Johnson v. Fisher

497 F. App'x 822
CourtCourt of Appeals for the Tenth Circuit
DecidedSeptember 27, 2012
Docket11-3268
StatusUnpublished

This text of 497 F. App'x 822 (Johnson v. Fisher) is published on Counsel Stack Legal Research, covering Court of Appeals for the Tenth Circuit primary law. Counsel Stack provides free access to over 12 million legal documents including statutes, case law, regulations, and constitutions.

Bluebook
Johnson v. Fisher, 497 F. App'x 822 (10th Cir. 2012).

Opinion

ORDER AND JUDGMENT *

JEROME A. HOLMES, Circuit Judge.

Lou Kay Johnson appeals the district court’s order dismissing as untimely her *823 amended complaint alleging medical negligence under Kansas state law. We exercise jurisdiction under 28 U.S.C. § 1291 and affirm.

I. Background

Ms. Johnson’s claims rely on two cases she filed sequentially in the United States District Court for the District of Kansas. Her claim that her second case was timely depends on her argument that the district court clerk acted improperly in not issuing the summonses in her first case. This appeal is from the judgment of dismissal entered in the second ease. We provide a brief description of each case.

A. First Case

Alleging that on or about July 7, 2008, she discovered that she had suffered medical negligence, Ms.
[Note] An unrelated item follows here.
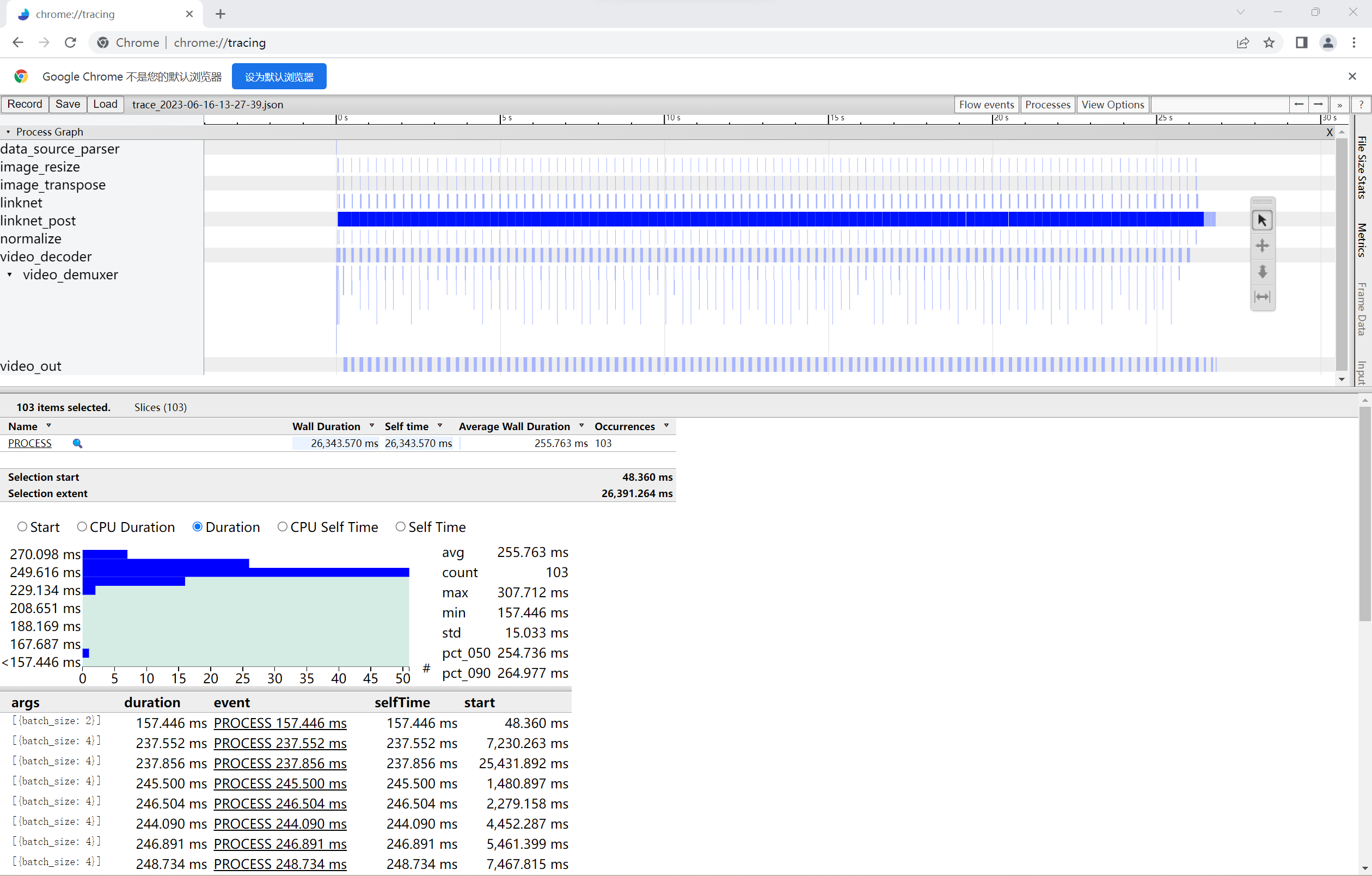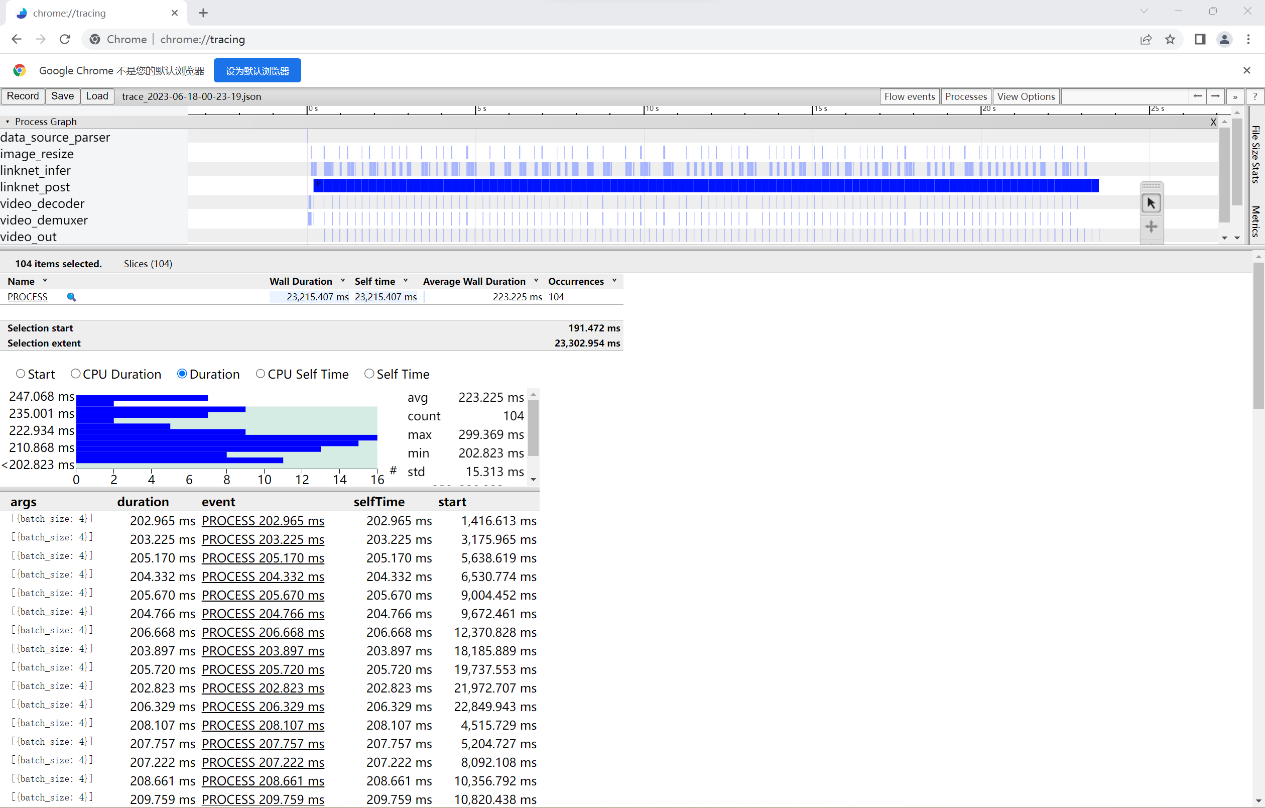 在Chrome浏览器chrome://tracing中加载性能统计文件:

Johnson and her husband filed a pro se federal complaint against the defendants on July 6, 2010, within the Kansas two-year statute of limitations for such cases. See Kan. Stat. Ann. § 60 — 513(a)(7), (c). On July 12, 2010, the district court granted the plaintiffs leave to proceed in forma pauperis and instructed them to provide completed summonses to the court clerk to be issued. Ms. Johnson says she obtained the summons forms from the court clerk, filled them out, and returned them to the clerk to be issued. She also says that the clerk received the summonses on July 21, 2010, but the issued summonses were not returned to her so she could arrange for service on the defendants.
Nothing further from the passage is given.